In referring to Chris Woodhead’s book A Desolation of Learning, your correspondents (Letters, May 29) concentrate on the person rather than his arguments.

However much one may disagree, as I do, with his belief that selecting children into grammar schools is the only way to educate clever children properly, he raises a number of other serious questions that deserve answers.

For example, is it sensible to set a minimum level of achievement, such as a particular level of the GCSE, that all children are required to reach? The Government believes it is. Professor Woodhead disagrees.
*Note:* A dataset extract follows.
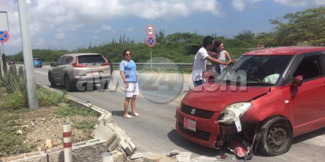 Diadomingo mainta a drenta informe di un accidente pabao di rotonde Pos Chikito cu hende herida, mesora a dirigi tanto polis como ambulans na e sitio. Na yegada di e patruya a bin compronde cu aki ta trata di un accidente unda e dama chauffeur bayendo pabao a perde control saliendo for di e rotonde y a perde control y a bay dal e blokinan memey di e via di camindanan. E impacto tabata fuerte te pa e dama keha di dolor na su boca, cabes y nek. Na yegada di e ambulans nan a atende e dama y a transporte pa hospital.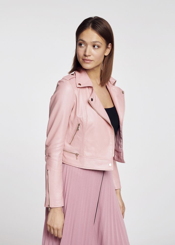6. Delikatność, kobiecość, styl – różowa kurtka skórzana

Since Matthew Arnold, most inspectors have been on the Woodhead side of the argument. Christian Schiller, one of the greatest of post-war HMIs, put it this way: “If a minimum of attainments is fixed such that it is in the power of all, it is demonstrably irrelevant to the vast majority and of no practical value. If a minimum is fixed such that only some can reach it, it must demonstrably be beyond the powers of the rest and its imposition will undoubtedly lead to a distortion of their powers. In my view, the goal of a minimum of attainments is incompatible with continuity in the process of learning.”

Whether Ofsted agrees with this is unclear, but until politicians do, the hounding of schools with a high proportion of children who will never reach the ever-changing “minimum of attainments” prescribed by government will, presumably, continue.

The important point Professor Woodhead makes is that teachers should be free to develop their own ways of providing worthwhile activities for children for whom they know that externally imposed standards of this kind are wholly inappropriate.

This is an important argument. Others in the book deal with such matters as the importance of subject knowledge, the developing role of Ofsted as an enforcer of government policy rather than an independent agency, and the future of independent education.

The way to deal with the serious educational arguments in Professor Woodhead’s book is to engage with them, rather than run away. Sadly, that is what the “eloquent silence” Professor Colin Richards advocated in his letter amounts to.

Sir Peter Newsam, Former chief schools adjudicator, director of London’s Institute of Education, and chief education officer for the Inner London Education Authority.